There is more than one dimension to the meaning of “life” and “death”. We think of life in terms of our mortal lives – that is we are the centre of the very existence of life, and we have a finite beginning and end. Yet, our worldly life and death is only one dimension for the meaning of what is life and death.
I have repeatedly asked Fundamentalists to explain what is meant by these terms. I never seem to get a response from them relating to the state of the soul. Yet this is how we are viewed by God. Each time we sin, we begin to slowly die inside of ourselves. Another dimension of Life is that it is the grace or the very breath of God, existing within us, so that we, in turn exist in the world. The flip side of the spiritual life is spiritual death. It is the withdrawal of grace – a free gift from God that feeds and nourishes us on a daily basis – that causes the death of the soul because of sin.
I had my own brush with what it means to come face to face with my own mortality last year when my next oldest sister was suddenly diagnosed with bone cancer and died. She did not make it to her 53rd birthday. It is a shock when someone so close in age suddenly dies like that and it causes one to recognize the reality that we are only here for a short time. Yet, her spiritual existence continues even though her flesh has been consumed in the fire from a cremation.
Christians sometimes tend to negate that the animals, birds, and even the flora are the creation of God, and that it is God that gives life to these things. We have the superior intellect and the superior soul, but these other creations of the Creator also have their own form of soul. How Christians view the souls of animals is a juxtaposition of the way in which an atheist sees the life of an animal.
As I digress for a moment, I want to briefly consider the views of the Greens and their counterparts who seem to think that animals have feelings on the same level as humans. For this reason, they demonstrate against cooking live lobster because of the sounds that come from a cooking pot. They are blissfully unaware of the fact that God created these creatures so that we would have food. They also get uptight about cutting down a tree, sometimes behaving in a way that suggests that they worship trees as though the trees are gods. Their sense of proportion with regard to human life and the lives of these other creatures is truly distorted. To highlight their inconsistency, I point to the fact that this same group are the ones who promote the murder of the unborn on the grounds that a foetus is not legally recognized as having a life.
The abortion debate centres upon when life begins, but this debate has implications that is infringing upon giving justice to the unborn and to the parents of the unborn when a child has been killed as a result of a car accident. A recent decision in Hawaii has led to a further denial of the rights of the unborn and a man has been allowed to get away with the manslaughter of an unborn child because of the lack of a legal definition of when life begins. It would seem that the activist judges have outsmarted themselves because now it is possible for irresponsible drivers to escape prosecution when the victim is an unborn infant. Once again we see an overwhelming sense of a lack of justice that has been allowed to permeate the world, in the name of feminism, modernism and political correctness.

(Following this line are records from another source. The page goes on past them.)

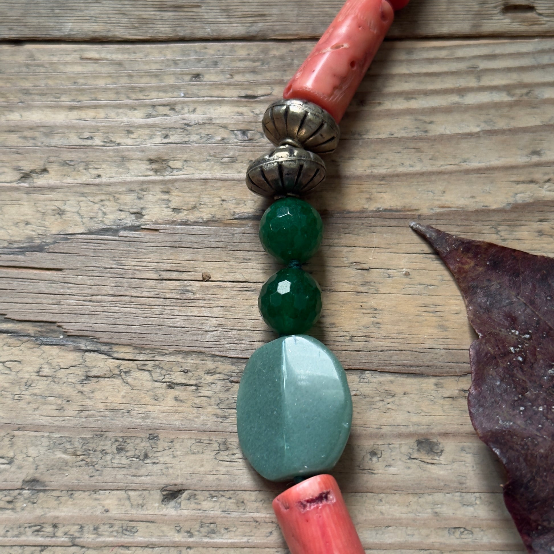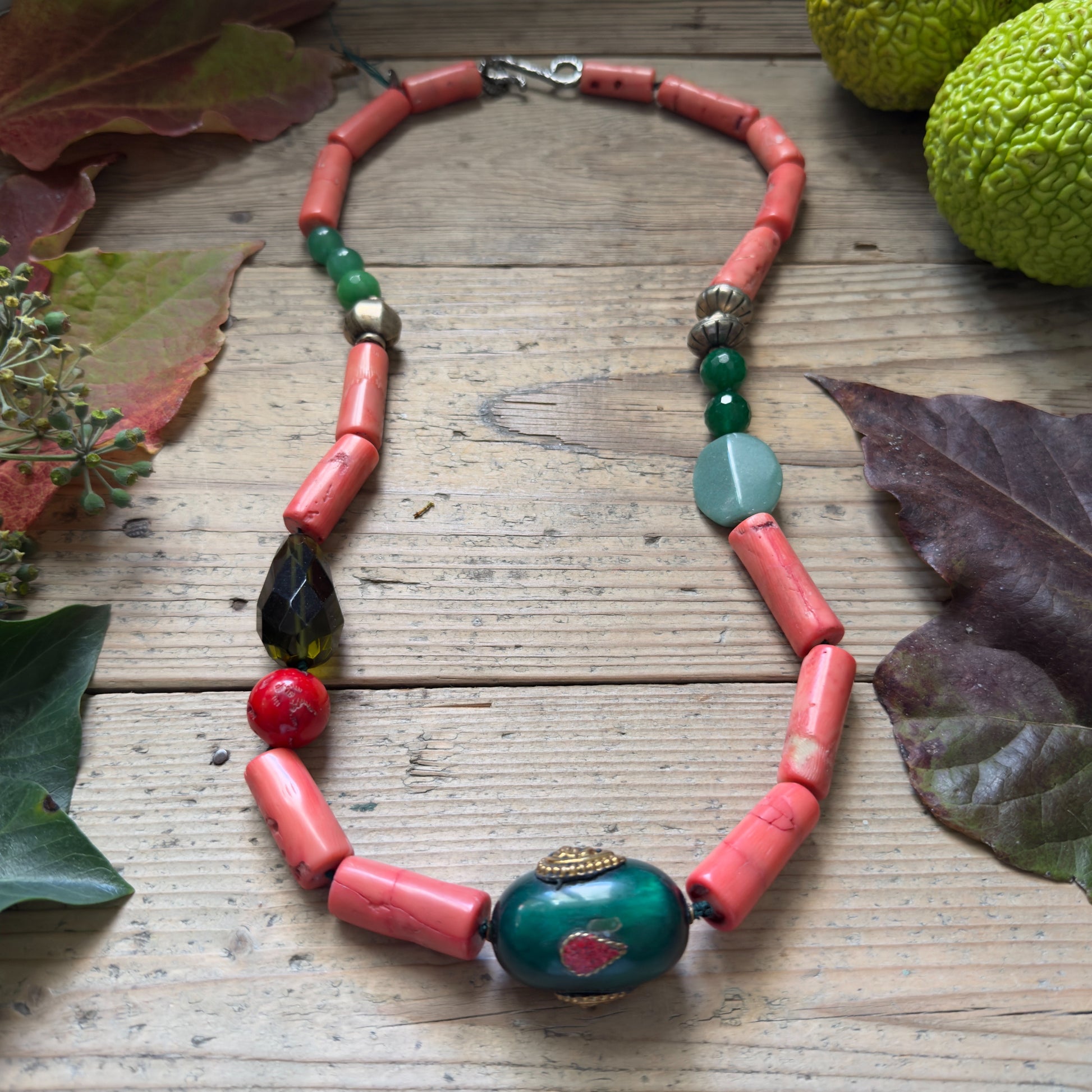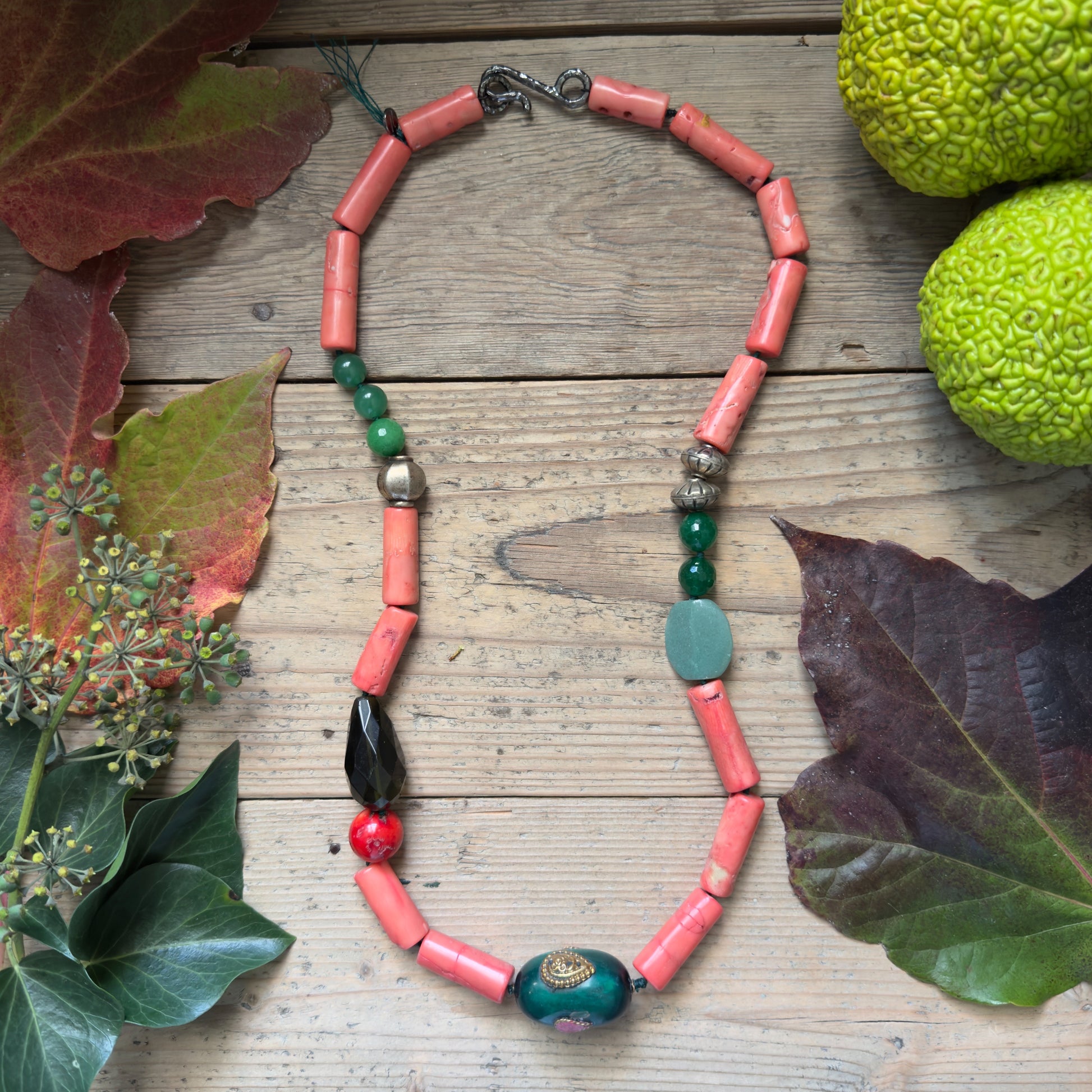 Collana composta da cilindri in corallo bambù color salmone, sfere in giada colorata di verde, goccia in vetro verde bottiglia, grande sfera in corallo bambù rosso ed elemento in avventurina. Rondelle indiane in argentone e grande elemento centrale realizzato a mano in resina.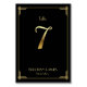 Great Gatsby Art Deco Hochzeitskarten mit goldener Nummer 7 und anpassbarer Tischnummer, wo Sie Ihre Namen und das Hochzeitsdatum hinzufügen können, auf schwarzem Hintergrund gedruckt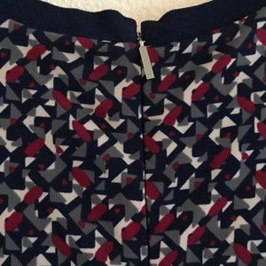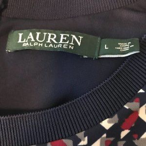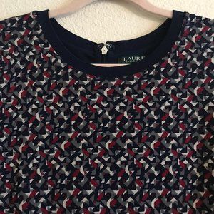 Lauren Ralph Lauren Navy Blue Abstract Geometric Long Sleeve Shift Career Dress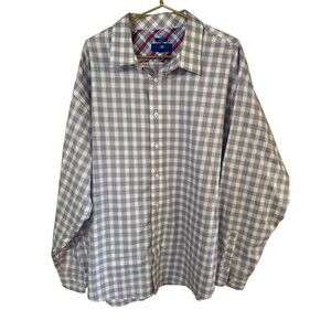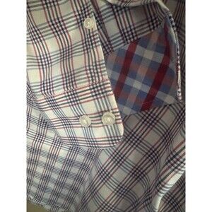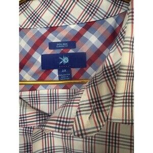 Egara Mens Red White Blue w/checkered Cuff Design Dress Shirt 3 XL Non-Iron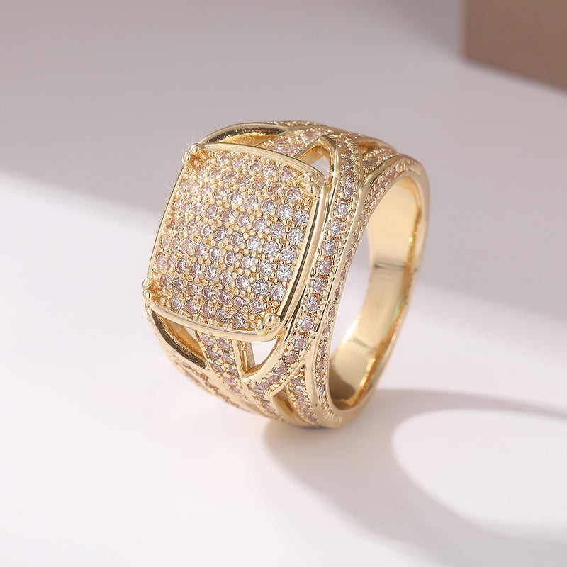This stunning statement ring features an intricate band made of KC golden plated copper with sparkling synthetic zirconia. Perfect for all seasons and makes a great gift for Father's Day. Ideal for weddings and special occasions.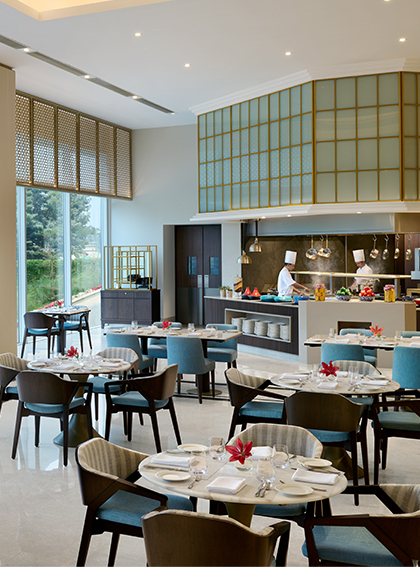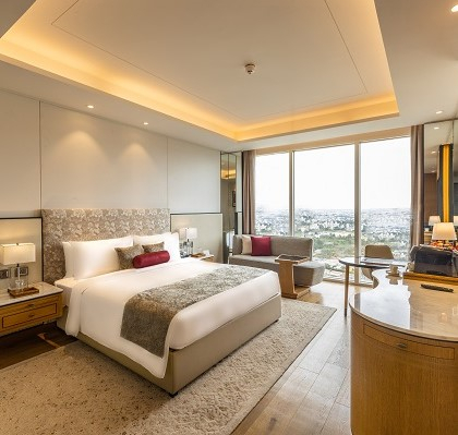 Mute The Leela Bhartiya City BengaluruNestled in an upscale ‘city within a city’ in Bengaluru’s Special Economic Zone, The Leela Bhartiya City Bengaluru stands as a beacon of refined elegance and 5-star grandeur. Strategically located near the Kempegowda International Airport, offering seamless access to the city’s vibrant IT corridor and Financial District, this luxury hotel near Bangalore Airport brings together sophistication and comfort. a distinguished 5-star hotel near KempeGowda International Airport Bangalore, it also stands among the most preferred 5-star hotels near Bangalore Airport for both business and leisure travellers.Whether for corporate meetings or milestone celebrations, The Leela Bhartiya City Bengaluru is designed to host it all — with its luxuriously appointed spacious rooms, celebrated restaurants, versatile venues including a premier Convention Centre Bangalore, and thoughtful rituals.We invite you to immerse yourself in the pulsating heart of India’s global innovation capital — right here, at The Leela Bhartiya City Bengaluru.Read more Stay & Revel Presidential Suite Luxury Suite Executive Suite Royal Club Room Premier Room Deluxe Room Curated Offers Leela DISCOVERY Member Special Stay Your Way Suite Indulgence Stay More Save More Time Travel with The Leela View All Epicurean Delights The Lotus Oriental Sushi, dim sum, and more by the infinity pool-Bangalore’s go-to for Japanese cuisine. Falak Awadh and Frontier cuisine like never before, with opulent city views that captivate the senses. Quattro Interactive dining with boulevard views, featuring unique dishes and indulgent Sunday brunches. The Library Bar Indo-Victorian charm with award-winning wines, single malts, and artisanal cocktails. The Lobby Lounge Where coffee turns into conversation and tea comes with a side of nostalgia. Relax. Unwind. Chinese New Year Celebration Celebrate with a festive menu crafted around tradition and symbolism. Beyond the Noodle A contemporary interpretation of Hakka cuisine by Chef Katherine Lim. Celebrations & Conferences CelebrationsIntimate celebrations to grand galas, making every occasion timeless. Enquire Now Factsheet MeetingsAllow us to orchestrate every detail, so your meetings flow effortlessly. Enquire Now Factsheet The Leela Bhartiya City BengaluruHotel CoordinatesHotel Address:6/2, Thanisandra Main Road, Tirumanahalli, Bengaluru 56006428 mins from Bengaluru International Airport Telephone: +91 (80) 4545 1234 Hotel Factsheet FAQs Enquire Now You must have JavaScript enabled to use this form. Name phone Phone Email Hotel*The Leela Bhartiya City Bengaluru Purpose of EventWeddingsCelebrations Need a stay?YesNo Additional Information I agree to receive updates, offers, via sms, rcs & Whatsapp. Mobile Number Enquire Now You must have JavaScript enabled to use this form. Name Phone Email Hotel*The Leela Bhartiya City Bengaluru Additional Information I agree to receive updates, offers, via sms, rcs & Whatsapp. Mobile Number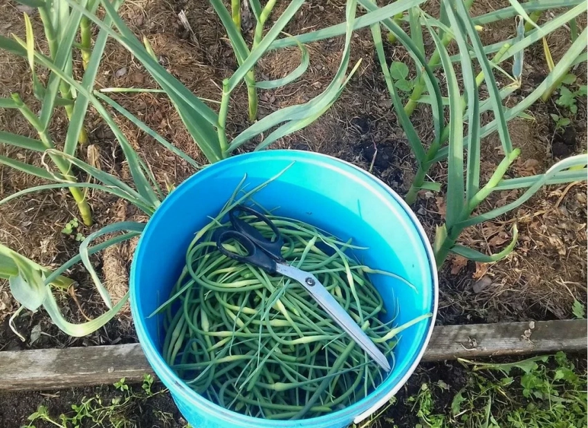 Стрелки чеснока отнимают у растения силы, тормозя развитие луковицы. Их нужно удалять, как только они достигнут 15 см:

Another debate that rages in this modern world of ours is that of the concept of the Immaculate Conception. The reforming fathers such as Martin Luther believed that Mary was in fact conceived without the stain of original sin. The problem centres upon the philosophy that has stemmed from the age of the “Enlightenment”, as well as anti-Catholic rhetoric and bigotry. The Fundamentalists and Evangelicals who are so keen to deny the Immaculate Conception fail to see that they are in fact denying that Jesus is the Christ through their very failure to accept the Immaculate Conception. This dogma, which centres not upon Mary, but upon the origins of Jesus Christ, states that Mary is the woman with whom Satan has enmity. If she had sinned, then she would be a friend of Satan, and she would not have grace within, yet the angel gave the greeting: “Hail, Full of Grace”, (which also bestows upon Mary, the TITLE – “Full of Grace” – according to the Will of God.)
The denial of the life of an unborn infant has now spread to the point that people are willing to deny the life of those who are incapacitated. The danger to the incapacitated is that there are family members and unscrupulous lawyers who act as public guardians who want the people dead. The Terri Schindler-Schiavo story is in fact the tip of the iceberg. This was a case where hard evidence was not provided and the outcome has the potential of affecting millions of the incapacitated every day of every year. The life safeguards were further eroded by the refusal to properly evaluate the case and Greer’s decision making.